Lilly King, 50 breaststroke

You get the feeling that with all of her ISL wins, the queen of breaststroke is building time-wise. And it’s just a matter of when and where all the hard work she’s putting in between races will bear fruit. King owns the long-course record in the 100 but doesn’t have an SCM record to her name.

That could change this weekend. Her best chance could be the 50, where she’s been 28.86 this year. Alia Atkinson, who’ll be in the pool with the London Roar, holds the mark at 28.56. Benedetta Pilato of Energy Standard is in the mix, too, at 28.97.
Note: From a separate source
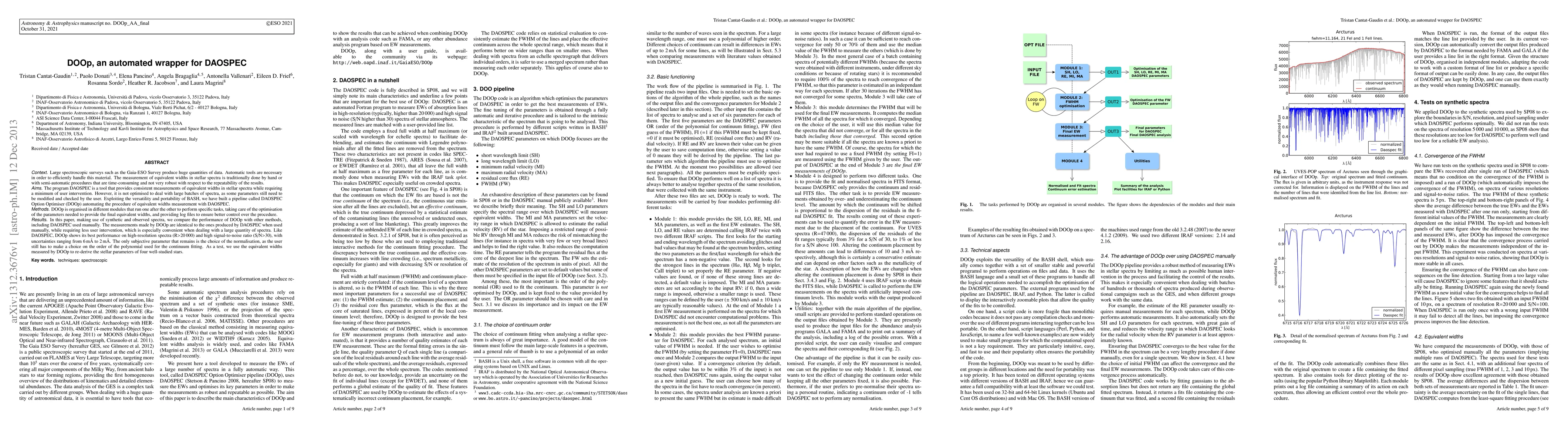 The research introduces DOOp, a BASH pipeline automating equivalent widths measurement with DAOSPEC, a tool for stellar spectra analysis. DOOp optimizes parameters, reduces user intervention, and performs comparably to manual DAOSPEC use. It excels with high-resolution (R>20 000) and high signal-to-noise ratio (S/N>30) spectra, offering uncertainties from 6 to 2 mÅ. The only subjective step remains continuum fitting polynomial selection.
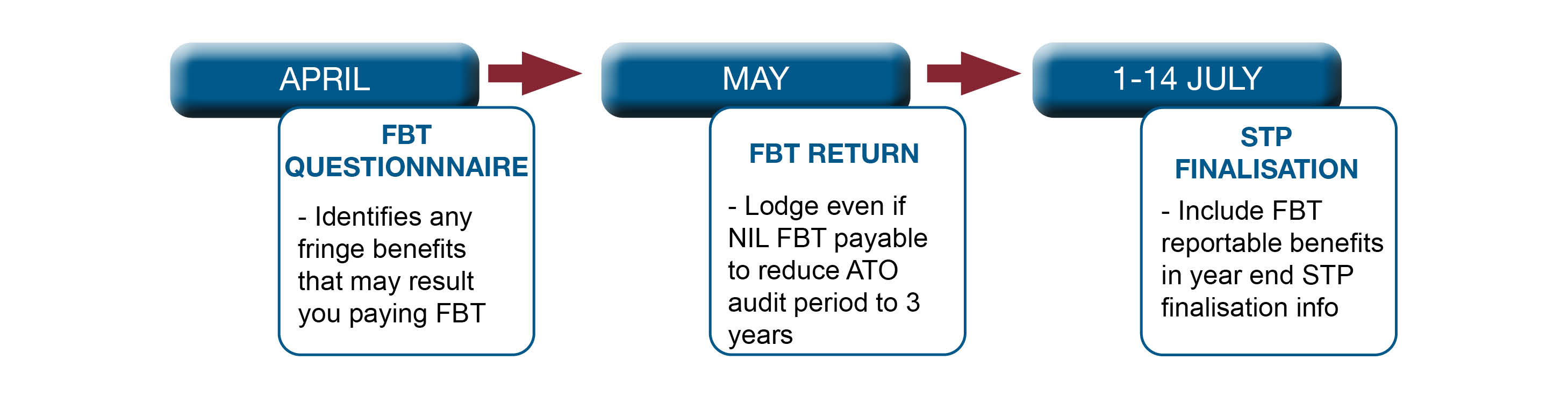 | April | Fringe Benefits Tax (FBT) Return preparation + lodgement |

The other records are further from King. She could clean up a messy three-way tie in the 100 breast, with Atkinson (twice) and Ruta Meilutyte jointly holding the mark at 1:02.36. King has been 1:03.15 and was 1:03.00 last season. Rebecca Soni’s 200 record has held since 2008 at 2:14.57. King has a best time this season of 2:15.80.

Nicholas Santos, 100 fly

The closest brush with history is maybe the most unlikely. At 40, Nicholas Santos is swimming as well as ever. And in the process, he’s chasing his world record of 21.75, having gone 21.78 in his last swim for Team Iron. He’ll be after it again in Semifinal 2.

The record already survived a swipe by Szebastzian Szabo of Aqua Centurions, who went 21.86 but whose team didn’t qualify for the semifinals.

Women’s sprint fly

The 50 fly record has been in the hands of Therese Alshammar since 2009, her 24.38 the oldest mark on the women’s side, a month older than Soni’s 200 breast. But it could be in jeopardy.

Team Iron’s duo leads the charge, with 50 free record-holder Ranomi Kromowidjojo having been 24.59 and teammate Melanie Henique at 24.62. LA Current’s Beryl Gastaldello has a 24.75 to her name. Those three could be in the pool together in Semifinal 2 for a triple-barrel assault.

Honorable mention: Kliment Kolesnikov of Energy Standard in the 100 back, where he’s been 49.16 and is chasing Xu Jiayu’s record of 48.88; Siobhan Haughey, at 1:51.19, is within a second of Sarah Sjostrom’s WR in the 200 free (1:50.43).